Aim of the task: In the listing below, find the line with "尽管如此,曼联商业部门仍然对" and copy every line from there up to and including the line with "从行业划分来看,8月份国内受", exactly and without pictures.

Source records:
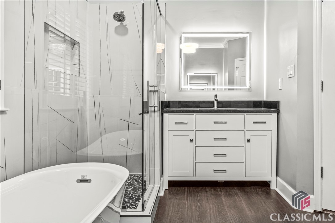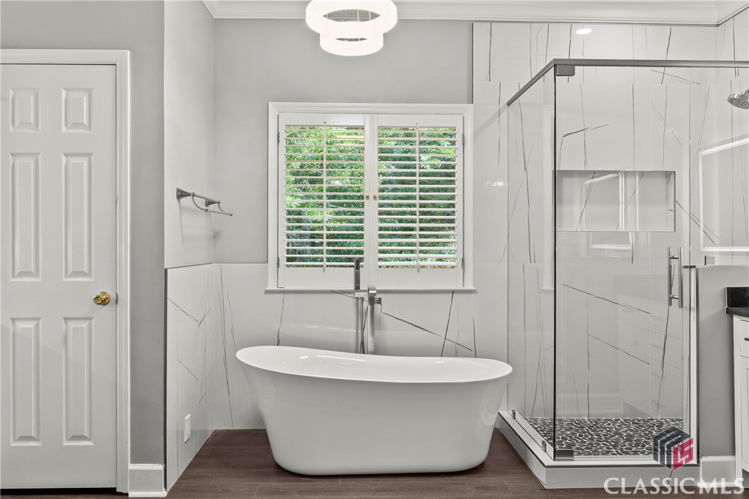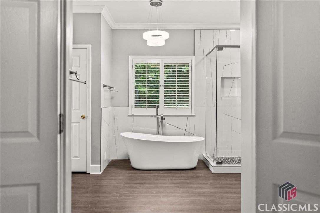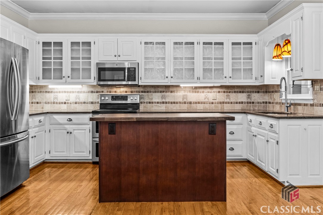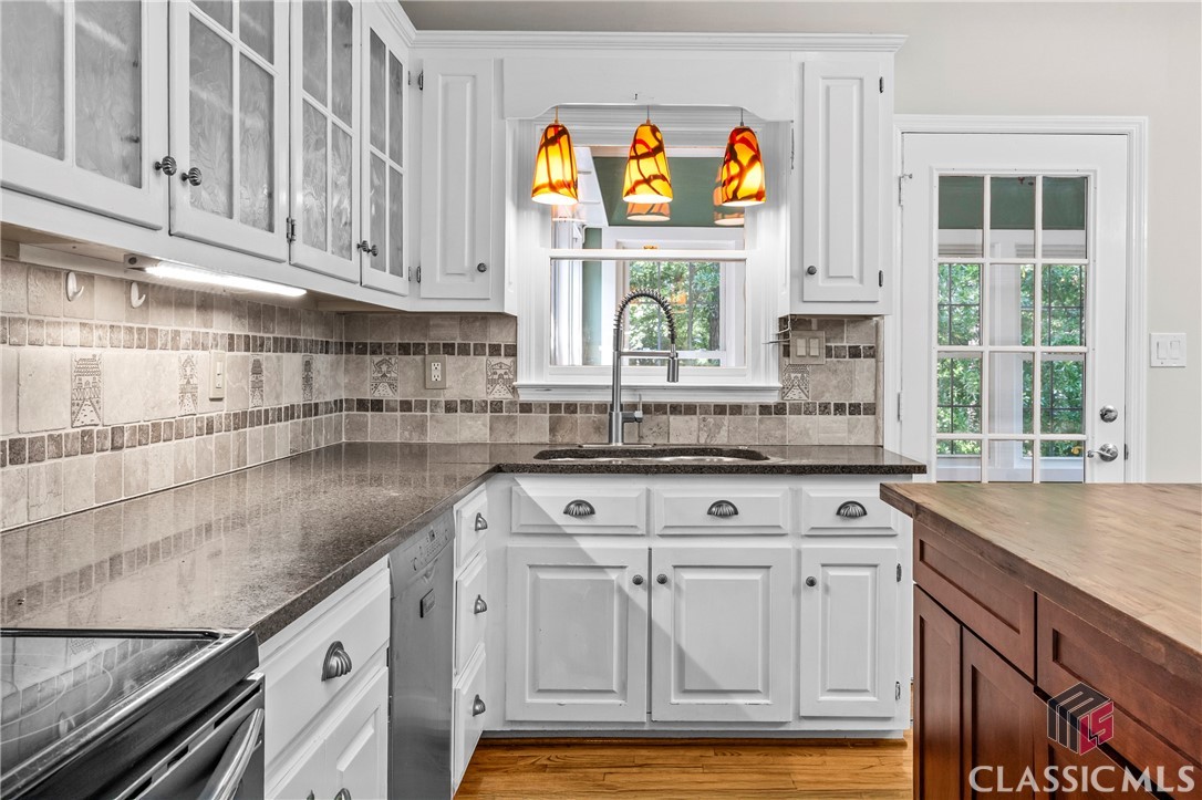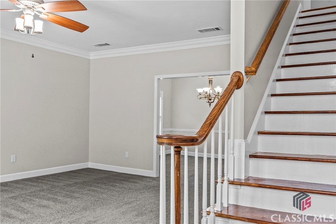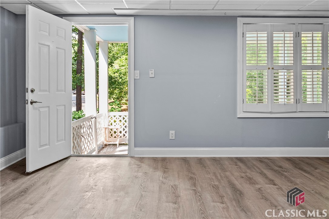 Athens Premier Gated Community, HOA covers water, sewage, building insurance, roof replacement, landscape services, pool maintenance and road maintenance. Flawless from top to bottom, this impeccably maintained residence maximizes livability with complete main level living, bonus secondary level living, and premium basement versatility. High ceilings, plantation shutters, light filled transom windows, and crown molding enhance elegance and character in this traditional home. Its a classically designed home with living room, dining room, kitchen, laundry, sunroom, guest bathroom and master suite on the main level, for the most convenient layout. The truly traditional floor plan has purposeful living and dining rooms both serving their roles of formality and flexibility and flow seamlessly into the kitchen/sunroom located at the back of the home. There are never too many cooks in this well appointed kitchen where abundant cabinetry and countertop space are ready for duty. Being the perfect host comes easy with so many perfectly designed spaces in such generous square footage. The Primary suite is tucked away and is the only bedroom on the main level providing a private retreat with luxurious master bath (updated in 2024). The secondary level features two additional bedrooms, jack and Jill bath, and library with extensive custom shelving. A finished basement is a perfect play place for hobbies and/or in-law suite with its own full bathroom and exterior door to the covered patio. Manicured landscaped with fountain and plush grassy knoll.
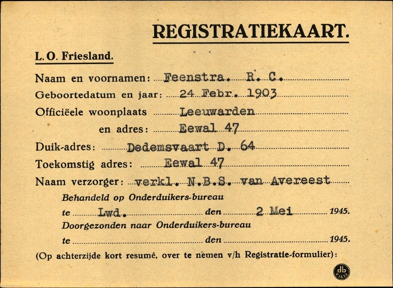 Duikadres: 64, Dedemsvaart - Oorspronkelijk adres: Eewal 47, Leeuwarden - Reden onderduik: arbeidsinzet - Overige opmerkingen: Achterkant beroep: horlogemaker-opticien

* * *

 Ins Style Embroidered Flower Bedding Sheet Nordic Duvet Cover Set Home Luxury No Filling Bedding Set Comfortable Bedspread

---

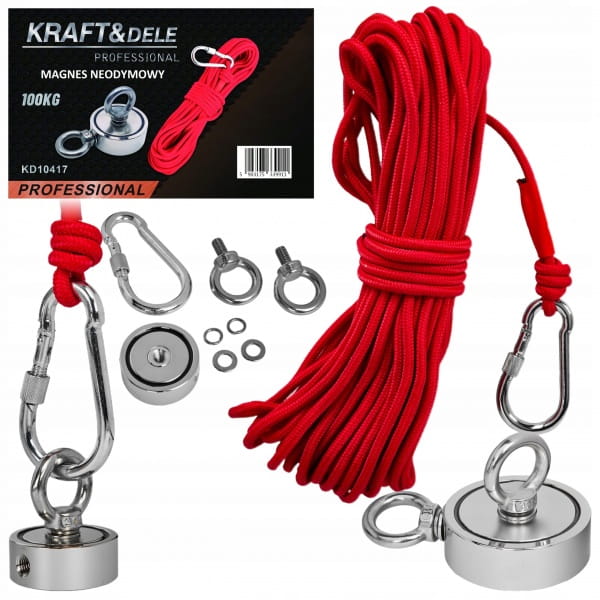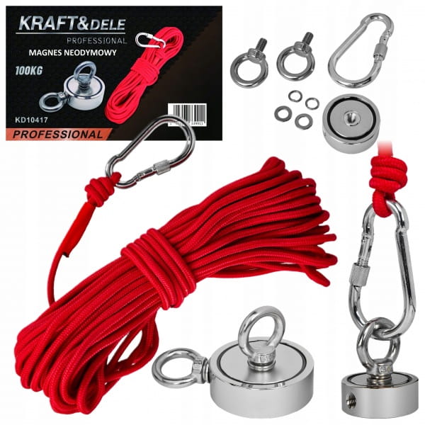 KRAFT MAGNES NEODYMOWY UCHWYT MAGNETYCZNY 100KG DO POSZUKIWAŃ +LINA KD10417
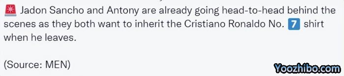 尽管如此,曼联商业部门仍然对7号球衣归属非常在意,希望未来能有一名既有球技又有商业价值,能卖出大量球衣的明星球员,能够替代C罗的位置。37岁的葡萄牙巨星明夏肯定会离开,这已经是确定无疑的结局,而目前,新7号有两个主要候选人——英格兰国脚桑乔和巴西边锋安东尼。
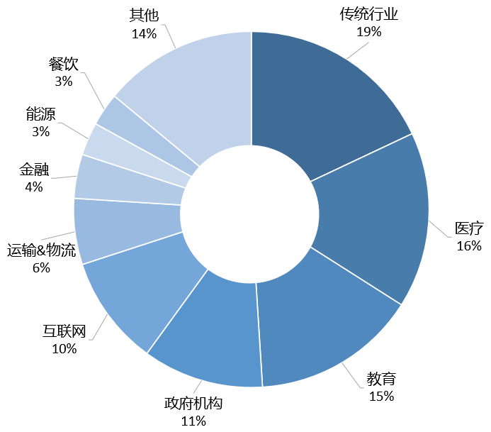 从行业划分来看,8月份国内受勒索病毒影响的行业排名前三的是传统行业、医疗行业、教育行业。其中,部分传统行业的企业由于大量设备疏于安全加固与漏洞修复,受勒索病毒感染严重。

Exercise response:
 尽管如此,曼联商业部门仍然对7号球衣归属非常在意,希望未来能有一名既有球技又有商业价值,能卖出大量球衣的明星球员,能够替代C罗的位置。37岁的葡萄牙巨星明夏肯定会离开,这已经是确定无疑的结局,而目前,新7号有两个主要候选人——英格兰国脚桑乔和巴西边锋安东尼。
 从行业划分来看,8月份国内受勒索病毒影响的行业排名前三的是传统行业、医疗行业、教育行业。其中,部分传统行业的企业由于大量设备疏于安全加固与漏洞修复,受勒索病毒感染严重。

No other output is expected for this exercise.